Forums where the district superintendent and deputy superintendent allow community members to ask questions about plans they intend to roll out would be helpful, she said.
“Everyone in the community is a stakeholder within the school district,” she said. “We all benefit from students getting quality education. And don’t get me wrong; I think there are phenomenal teachers here, and this is one of the best places to get an education. But there’s work to be done. We’re not perfect. … We’ve got to be open to criticism, and we’ve got to be open to making changes that need to be made, and listening to people that we may not want to listen to – like the Jen Farnes of the world.”
Farnes said July 18 that she mailed the letter to Superintendent Alex Ayers, Deputy Superintendent Kirby Eisenhauer and Campbell County school board members and that she did not receive a response.
County 17 emailed Ayers, Campbell County School District Board chairwoman Anne Ochs and Human Resources Director Larry Reznicek July 15 to determine whether they had received the letter and to provide them an opportunity to respond to it, addressing County 17 readers regarding the letter and any staffing challenges.
Ochs’ email response July 18 was the following:
“Things are going well as far as the hiring process. We certainly hope to fill all open positions by the time school starts! When great teachers leave our district, we are always sorry to see them go. We appreciate their years spent in the district, serving Campbell County kids, and we wish them well in their new endeavors. Thanks for your questions!”
Ayers and Reznicek did not respond to the County 17’s email.
Farnes said Aug. 3 that she has not received a response from school board members, Ayers or Eisenhauer. She said she completed a digital exit interview with human resources but did not receive a response to it.
Farnes said Aug. 3 that when she resigned, she felt it was the end of her classroom teaching days but in talking with other teachers and parents, she learned of growing interest in establishing a charter school.
“I have no idea where it will lead, but we are going to take the next steps,” she said. “When I resigned, I thought I had left education forever. Only time will tell.”

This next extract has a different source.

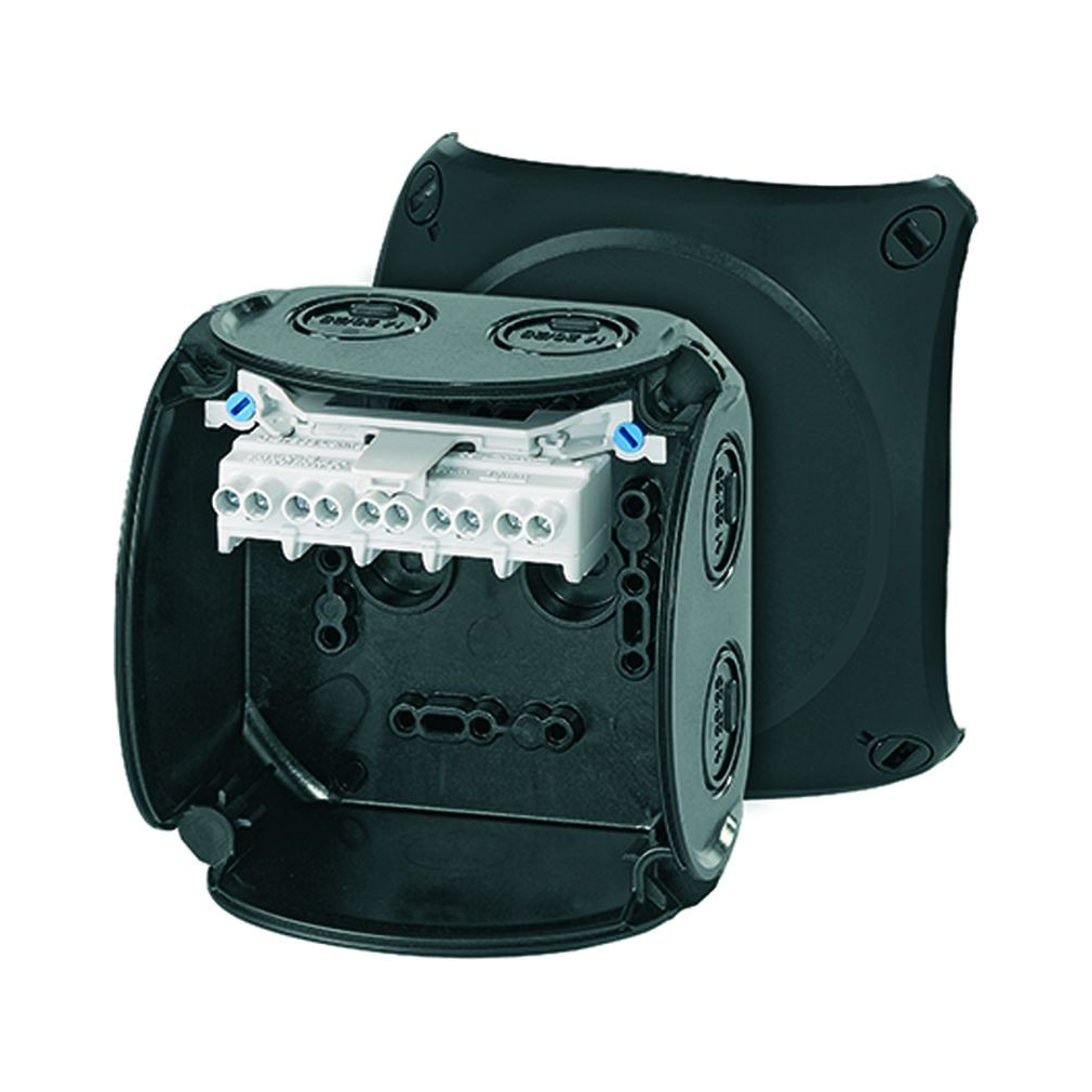 Hensel KF 0404 B Kábelösszekötő doboz kapcsokkal, 104x104x70mm IP66 fekete, időjárásálló

University of Wyoming College of Education Assistant Professor Mark Perkins, the president of the Rocky Mountain Association of Institutional Research and a faculty fellow at the Center of Business and Economic Analysis, conducted a study this spring with Wyoming Education Association on the general satisfaction and intent to leave of Wyoming teachers.

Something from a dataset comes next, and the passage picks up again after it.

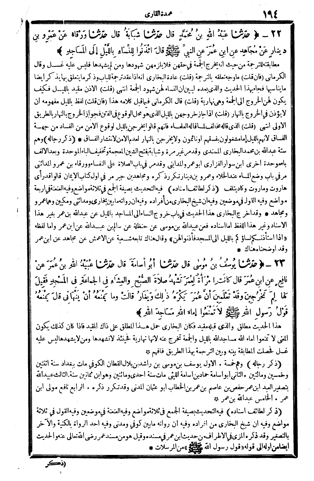 ذكر لطائف إِسْنَاده: وَفِيه: التحديث بِصِيغَة الْجمع فِي ثَلَاثَة مَوَاضِع. وَفِيه: العنعنة فِي موضِعين. وَفِيه: القَوْل فِي ثَلَاثَة مَوَاضِع. وَفِيه: أَن شيخ البُخَارِيّ من أَفْرَاده وَفِيه: أَن رُوَاته مَا بَين كُوفِي ومدني. وَفِيه: أحد الروَاة بالكنية وَالْآخر بِالتَّصْغِيرِ، وَقد ذكره الْمزي فِي (الْأَطْرَاف) من حَدِيث ابْن عمر فِي مُسْنده، وَقيل: هُوَ من مُسْند عمر، رَضِي الله تَعَالَى عَنهُ، والْحَدِيث أَيْضا من أَوله إِلَى قَوْله: (قَول رَسُول الله صلى الله عَلَيْهِ وَسلم) من المرسلات.

Sixty-five percent of the 700 teachers who responded to the survey said that if they could quit, they would but cannot quit due to financial or other reasons and that teachers reported having longer work hours and experiencing more incidents of aggression since the COVID-19 pandemic began. The report recommends focusing on teacher mental health, building community and professional support, reevaluating assessment practices and seeking ways to address increased workload.
Hauptman could not be reached for comment.